Neden ütopyaların hakim olduğu bir dünyamız var ? Derinliklerimize yüklenen kodlardan neden kurtulamıyoruz ?
Kahramanlık hikayelerini dinlemek elbet güzel. Anlatmak da güzel olabilir. Ancak geçmişin kahramanlığı geleceğin şafağının yakalanmasını engelliyor.
Edebiyatımızda " Fecr-i Ati " denilen akım vardı. Döneminin gençlerinin oluşturduğu topluluk. Fecr-i Ati " Geleceğin Şafağı " anlamına geliyordu. Ancak, toplum gelenekleri karşısında Fecr-i Ati’yi savunanlar dağılmışlardır. Gelenekleri olanlar dönemin gençlerinin fikirlerini benimsememişlerdir. Yeni bir yol başlamadan bitmiştir. ( Savunulan fikirler doğrudur yanlıştır o ayrı konu. )
Edebiyat alanında olduğu gibi her alanda da yeniliğe kapıları kapattık. Özgürlük şarkılarını mırıldanarak her alanda rahatça fikri hürlüğü yaşayamadık. Haliyle her bir toplumsal canlılığı yaşayamadık.
Anlatmak istediğim gelenek ve gelecek çatışması değil. Gelenek kodlarımızı bir şekilde kırmamız gerekiyor. Elbette tarihin öğrettiklerini alacağız ancak geçmişte yaptığımız onca hatta yüzlerce hatalardan çıkarılması gereken dersleri çıkarmamız gerekir.
Kanaatimce geçmişin dehlizinde çıkarılması gereken en önemli ders de " birey " olma olgusudur. Birey olma yani kişilik kazanma iç güdüsünü her ferde kazandırmamız gerekiyor. Dünyaya gelen her birey Anne -baba gözetimi altındadır. Anne baba çocuğuna hayata karşı güveni öğretmeye başladığında çocuklar diğer çocukların yanında farklılığını ortaya çoğuz zaman ortaya koymuşlardır.
Kişilik kazanma aileden başlar. Aile kendi kaynaklarına, üretim gücüne , sahip olma dürtüsüne ne kadar güvenirse varlığını topluma kabul ettirir. Belki bulunduğu meclislerde parmakla gösterilen bireyler olur. Bu nedenle aile kavramı çok önemli. Aileler sağlam temellere kurulan karakterlerini çocuklarına yansıtmalıdırlar. Karakterler çocuklara dayatmayla öğretilecek bir husus değildir. Evimizde alacağımız kararlarda baba "Benim dediğim dedik çaldığım düdük "demekten vazgeçerek ailesiyle kararlar almalı . Bu kararları hep birlikte alınarak süzgeçten geçirilmeli ve her ne olursa olsun uygulanmalı .

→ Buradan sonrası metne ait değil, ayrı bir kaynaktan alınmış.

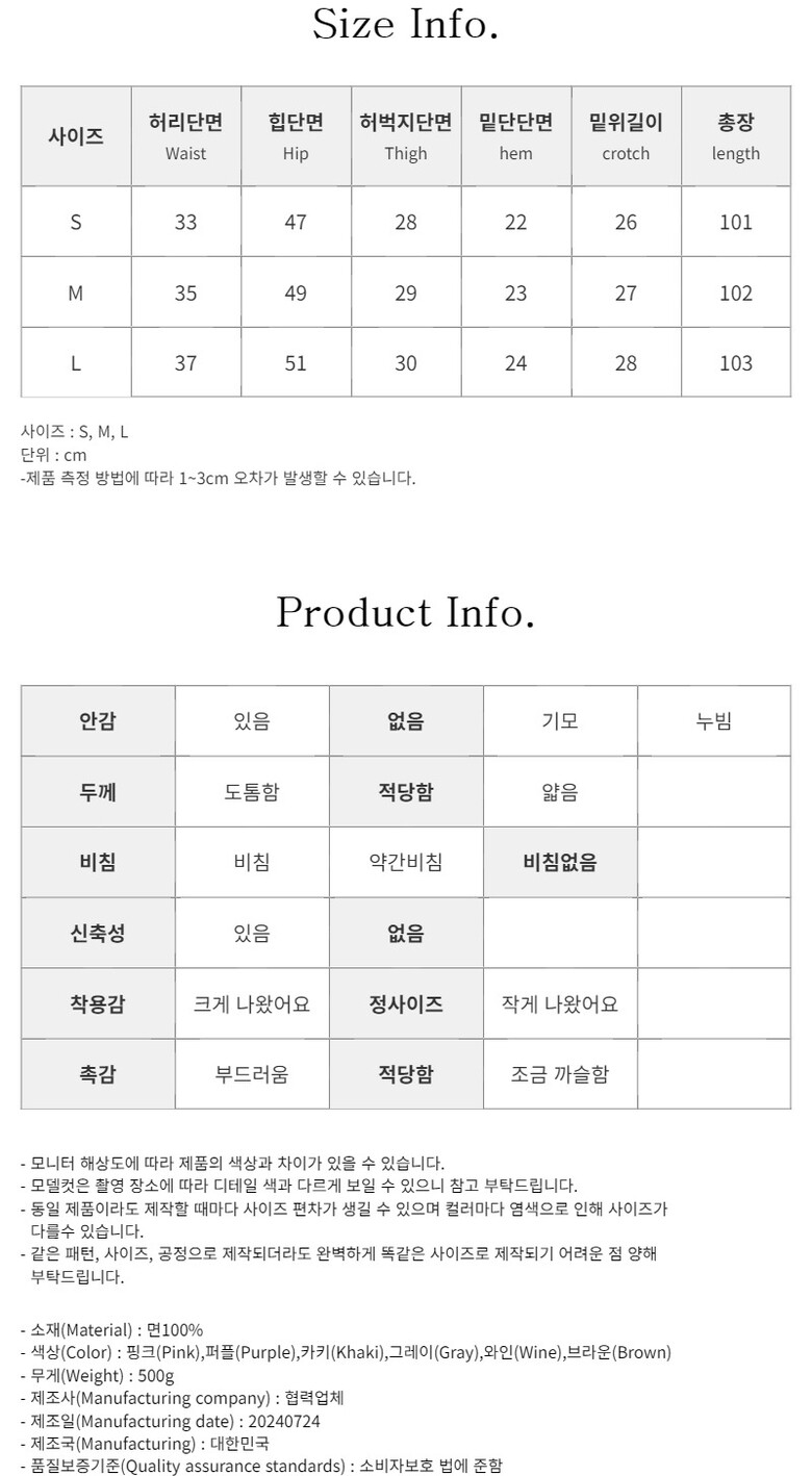 - 안감(없음),촉감(적당함),착용감(정사이즈),신축성(없음),두께감(적당함),비침(없음),사이즈(S(25~26),M(27~28),L(29~30))

Aile gibi toplumun her kademesinde toplumdaki her ferde " birey " olmalı öğretmeliyiz. Birey olan aile fertlerinin kendine olan güven duygusu oldukça fazladır. Kendine güvenen birey düşünmeyi, düşlemeyi çok iyi becerir. Düşünme güce olan kişilikler özgür düşüncenin gücünü ortaya çıkar. Özgürlük de üretimi , üredim de sevgiyi sevgi de toplumsal refahı getirir.
Toplumsal refah için her şeyi yapmaya değmez mi ?
YORUMLAR
Henüz yorum yapılmamış.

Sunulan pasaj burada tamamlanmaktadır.